(Required action): Going through the material below, output exactly the lines from the one containing "約2時間の実施で、中国・フィ" through the one containing "このページはバインダーに入れ", and no pictures.
Top of Extracted records
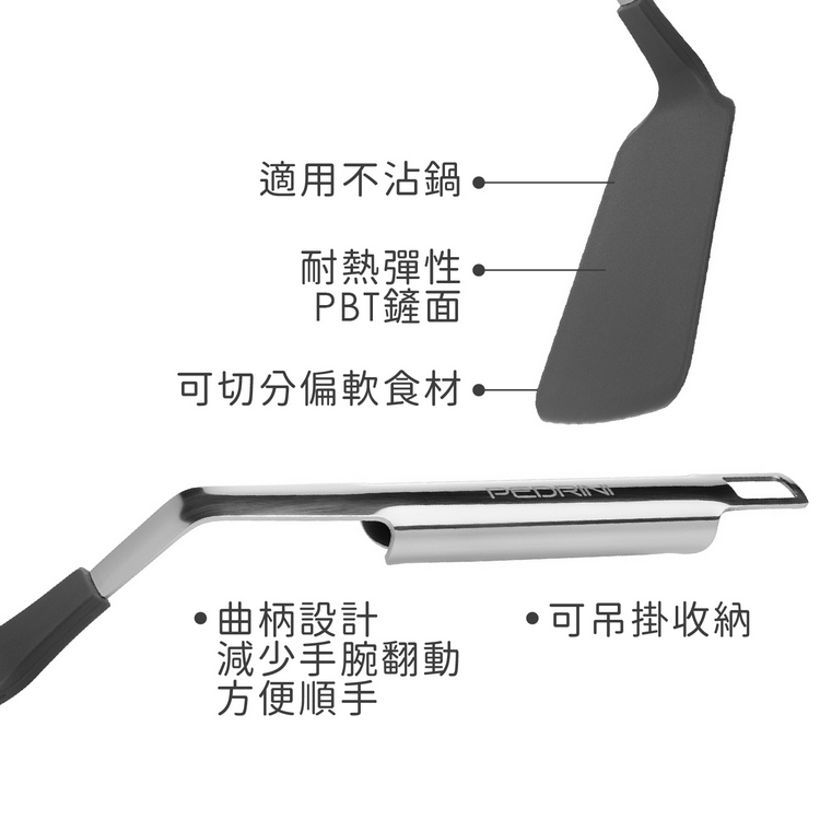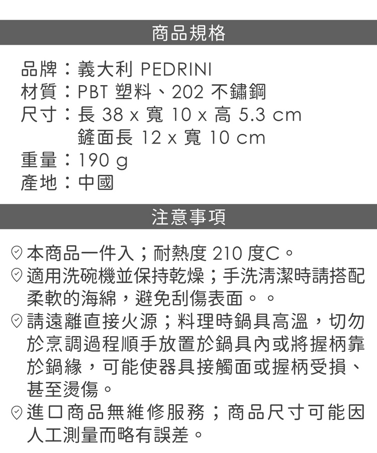 品牌:義大利 PEDRINI材質:PBT 塑料、202 不鏽鋼尺寸:長 38 x 寬 10 x 高 5.3 cm;鏟面長 12 x 寬 10 cm重量:190 g產地:中國
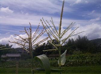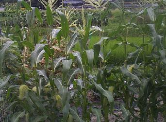 とうもろこしは自家受粉出来ないので たくさん植えます
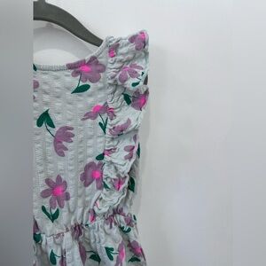 20% off 3+ bundle! Charming jumpsuit with a pink and purple floral design. Features ruffled sleeves and a back vneck shape. Perfect for playful days. Romper, jumpsuits, ruffled shoulders, ruffles, flowers, floral, purple flowers, spring, summer, lightweight, sleeveless, comfort, stylish, cute, cotton, elastic waist.
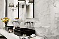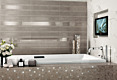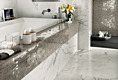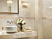 В большом размере к фоновой плитке можно добавить декоры Marvel Bronze Wallpaper (декор с резными узорами), Marvel Moon Line, Marvel Champagne Line (декоры с блестящими полосками), Marvel Beige Brocade, Marvel Bronze Brocade (фактурные декоры с эффектом мат-глянец) и Marvel Champagne Wave (геометрический декор).
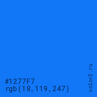 Цвет #1277F7 в цветовой модели RGB обозначается тремя октетами (18, 119, 247) в десятичном формате и #1277F7 в шестнадцатиричном (hex) формате, которые являются интенсивностью красного 18 (hex 12), интенсивность зелёного 119 (hex 77) и интенсивность синего 247 (hex F7).
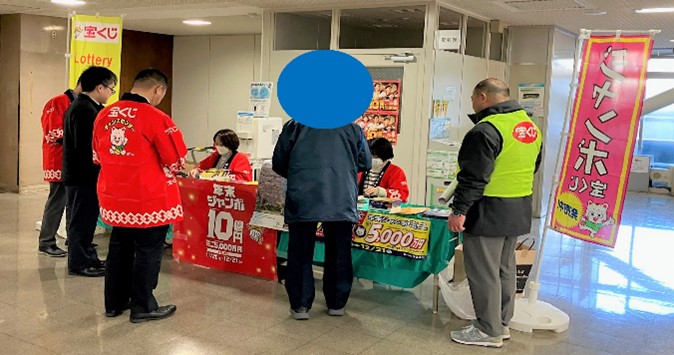 約2時間の実施で、中国・フィリピン・フランス・ベトナムの方々(計5名)が宝くじを購入されました。
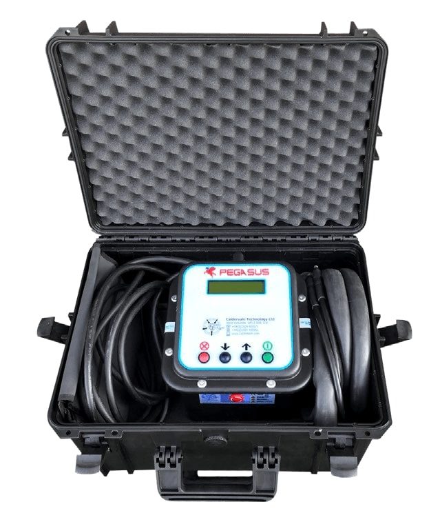 The Calder Pegasus HC Electrofusion Welder for PE pipes capable of welding up to 1000mm diameter pipes. Features barcode scanning and manual time entry.
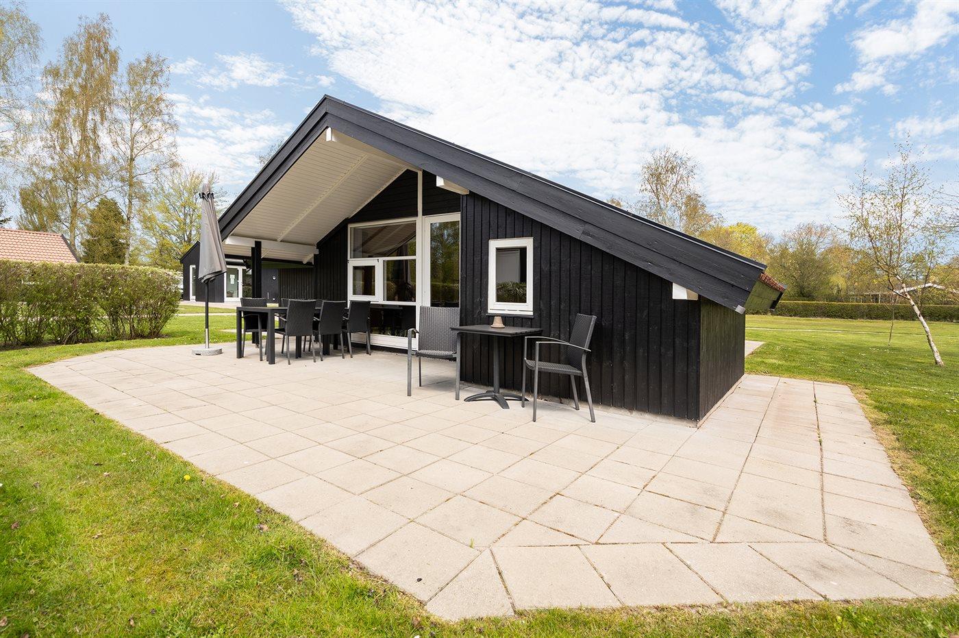 Hyggeligt sommerhus i Marielyst med egen terrasse nær børnevenlig strand og fælles legeplads.
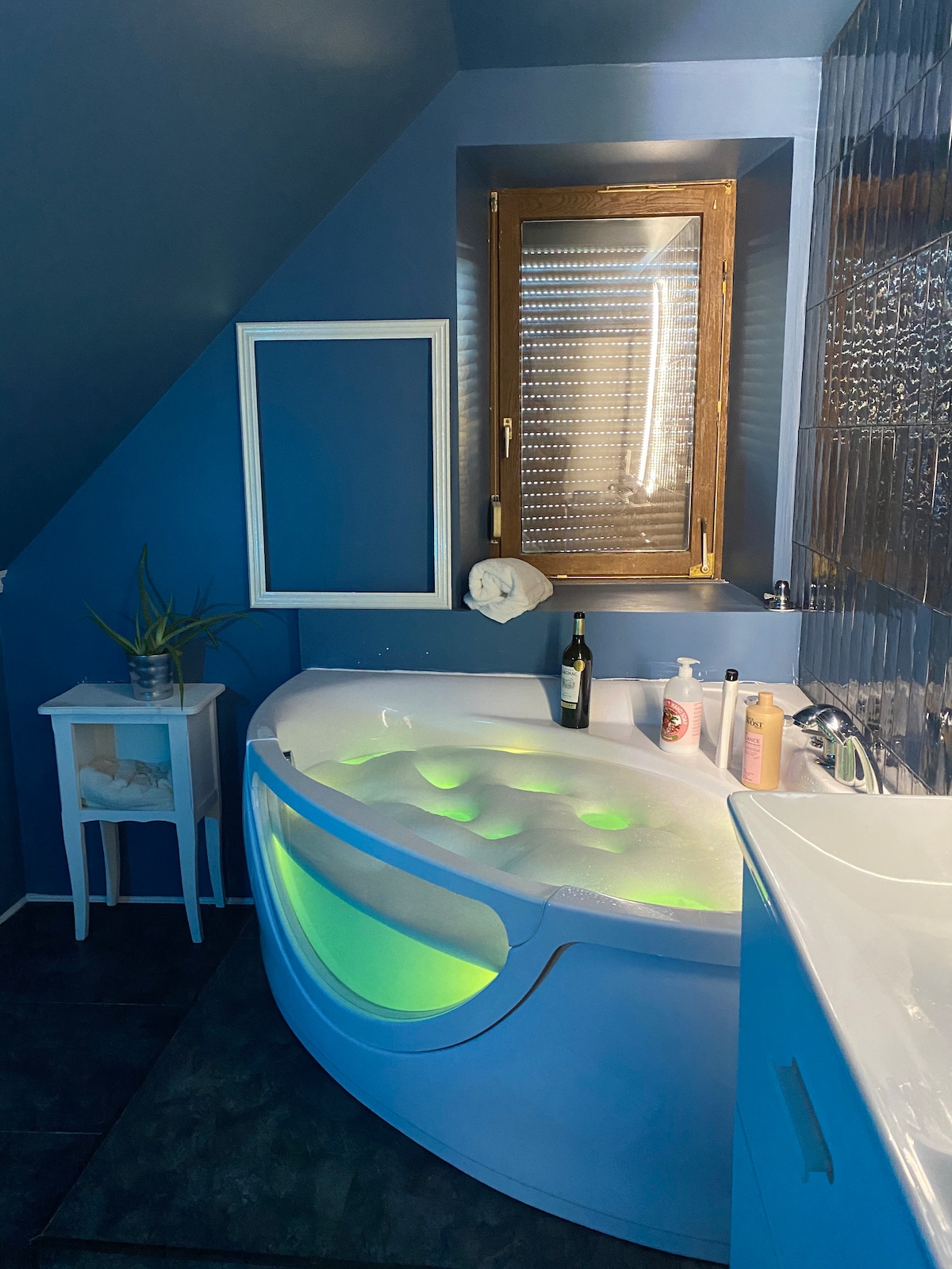 Plongez dans une expérience immersive unique avec cet appartement à thème Jungle. Entre plafond végétal, déco exotique, miroir vintage et ambiance chaleureuse, chaque détail invite à la détente et à la romance. Profitez d’une baignoire balnéo apaisante et d’un salon enveloppé de fresques tropicales. Un refuge urbain mêlant confort moderne, charme sauvage et atmosphère love room, parfait pour un séjour inoubliable.
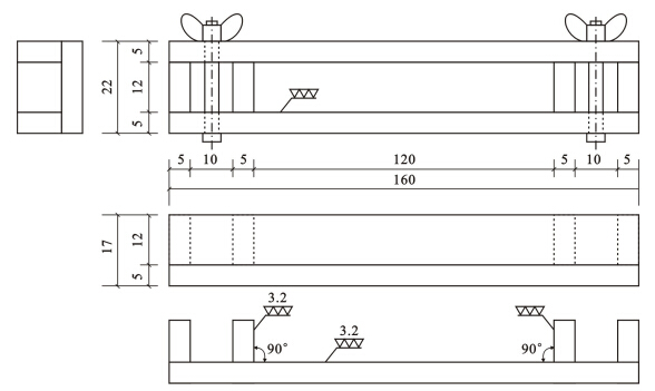 浇铸试件用的模具,应采用45号碳钢制作,模具形式、构造和尺寸如图P.2.1所示,模具内腔尺寸的允许偏差为±0.01mm;模具内腔的端面应垂直于模具长轴方向;模具内腔表面应平整、光滑,其光洁度应为。
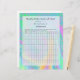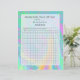 このページはバインダーに入れて、その月のすべての請求書をリストすることができる。これは請求書を満た保する良い方法なので、いつ支払うか覚えることができる。カラフルパステルデザインの背景に半透明の白い箱が付き、その後の毎月の手形チャートを持っている。あなたの姓または場所に置くことを選択してパーソナライズ。この店にあるその他のカラフルパステルデザイン商品にマッチ。エッジに沿ってパンチ穴を開けるか、保護スリーブでそれらを滑り澄ん落とすことができる。
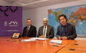 تتويجاً للمباحثات التي قام بها د. خالد عبدالغفار وزير التعليم العالي والبحث العلمي خلال زيارته لفرنسا في شهر مايو الماضي، وقع د. عصام الكردي رئيس جامعة العلمين الدولية، ود.. إيرك كاربانو رئيس جامعة ليون ٣ الفرنسية أمس الأربعاء اتفاقية شراكة بين الجامعتين، والتي بموجبها يتم منح درجات وشهادات مشتركة ومزدوجة بين الجامعتين من خلال تقديم برامج جامعة ليون ٣ بجامعة العلمين الدولية.
Bottom of Extracted records
(Written solution):
 約2時間の実施で、中国・フィリピン・フランス・ベトナムの方々(計5名)が宝くじを購入されました。
 The Calder Pegasus HC Electrofusion Welder for PE pipes capable of welding up to 1000mm diameter pipes. Features barcode scanning and manual time entry.
 Hyggeligt sommerhus i Marielyst med egen terrasse nær børnevenlig strand og fælles legeplads.
 Plongez dans une expérience immersive unique avec cet appartement à thème Jungle. Entre plafond végétal, déco exotique, miroir vintage et ambiance chaleureuse, chaque détail invite à la détente et à la romance. Profitez d’une baignoire balnéo apaisante et d’un salon enveloppé de fresques tropicales. Un refuge urbain mêlant confort moderne, charme sauvage et atmosphère love room, parfait pour un séjour inoubliable.
 浇铸试件用的模具,应采用45号碳钢制作,模具形式、构造和尺寸如图P.2.1所示,模具内腔尺寸的允许偏差为±0.01mm;模具内腔的端面应垂直于模具长轴方向;模具内腔表面应平整、光滑,其光洁度应为。
 このページはバインダーに入れて、その月のすべての請求書をリストすることができる。これは請求書を満た保する良い方法なので、いつ支払うか覚えることができる。カラフルパステルデザインの背景に半透明の白い箱が付き、その後の毎月の手形チャートを持っている。あなたの姓または場所に置くことを選択してパーソナライズ。この店にあるその他のカラフルパステルデザイン商品にマッチ。エッジに沿ってパンチ穴を開けるか、保護スリーブでそれらを滑り澄ん落とすことができる。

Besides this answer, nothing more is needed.